Le asincronie della memoria
Fin dal primo capitolo del suo racconto autobiografico, Heinrich Böll mette in guardia il lettore circa l’asincronia di alcuni suoi ricordi personali rispetto agli eventi storici che fanno da contorno alla narrazione. Böll ha scritto Che cosa faremo di questo ragazzo? nel 1981 e durante la scrittura si è reso conto che alcuni suoi ricordi, che gli apparivano nitidi e incontestabili, non coincidevano perfettamente con gli avvenimenti storici che riteneva correlati.
[…] dubbi motivati a proposito della mia memoria; tutto questo è accaduto da quarantaquattro a quarantotto anni fa e non ho a disposizione né appunti né note. Sono andati bruciati e dispersi in una mansarda della casa al numero 17 del Karolingerring a Colonia; sono diventato incerto anche della sincronizzazione di esperienze personali e avvenimenti storici: così ad esempio avrei assolutamente scommesso che era l’autunno del 1934 quando Göring, in qualità di presidente dei ministri prussiano fece decapitare sette giovani comunisti di Colonia. Avrei perduto la scommessa: era solo l’autunno del 1933 quando accadde.[1]
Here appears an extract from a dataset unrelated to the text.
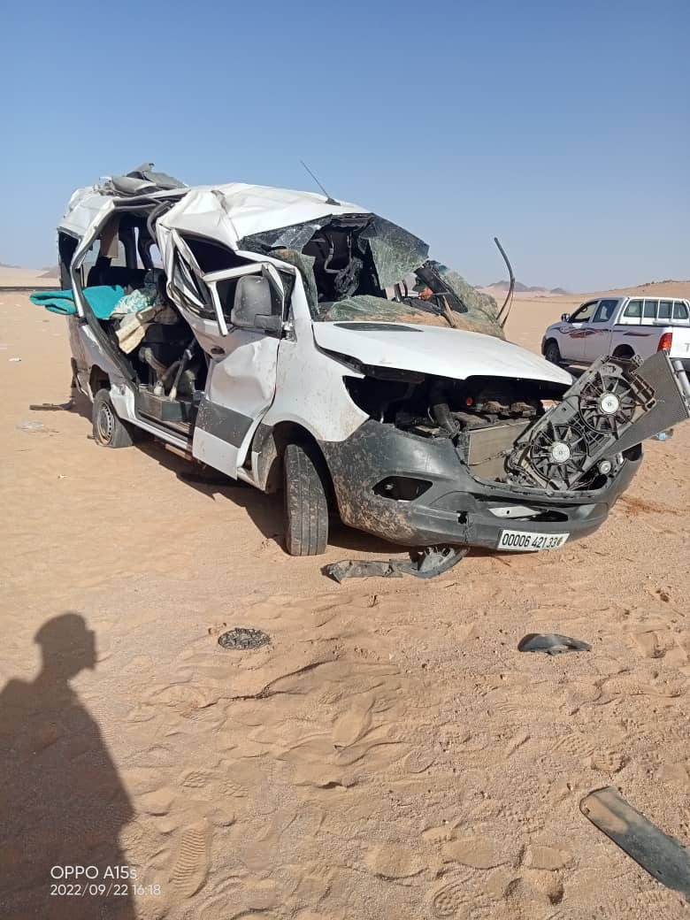 تدخلت وحدات الحماية المدنية لولاية جانت على الساعة 14.50 دقيقة على إثر حادث_مرور، انقلاب لحافلة نقل مسافرين تربط خط جانت – إليزي بالطريق الوطني رقم 3 باتجاه برج الحواس على بعد 80 كلم من جانت.

Può sembrare subito una grande contraddizione; uno potrebbe chiedersi: ma che autobiografia è un’autobiografia che ammette l’errore, l’imprecisione, la confusione di certi piani temporali? E invece, tra le stesse righe di questa premessa, l’autore ci fornisce due dati importanti: 1) quello che sarà raccontato dopo ha la valenza della memoria del singolo: memoria che non ha la pretesa di farsi fonte oggettiva, ma soprattutto non ha la pretesa di essere esaustiva nei confronti del luogo e del periodo storico narrato (in questo caso la Germania tra il 1933 e il 1937); 2) l’imprecisione della memoria, messa di fronte al dato storico, non può che arricchirsi di sfumature. Mi spiego meglio: a ripercorrere la propria giovinezza in relazione alla Storia si può scoprire come ciò che in origine era vissuto come un processo lento e graduale, in realtà fosse stato molto più rapido di quello che si pensava. Böll ritorna su questo concetto anche all’inizio del secondo capitolo, quando scrive:
Mi inoltro ora con diffidenza sul sentiero “realistico”, cronologicamente confuso – con diffidenza nei confronti delle dichiarazioni autobiografiche mie e altrui. Per l’atmosfera e la situazione posso garantire, anche per i fatti connessi a quelle atmosfere e a quelle situazioni, non posso garantire, invece, messa a confronto con fatti storici controllabili, per la sincronizzazione.[2]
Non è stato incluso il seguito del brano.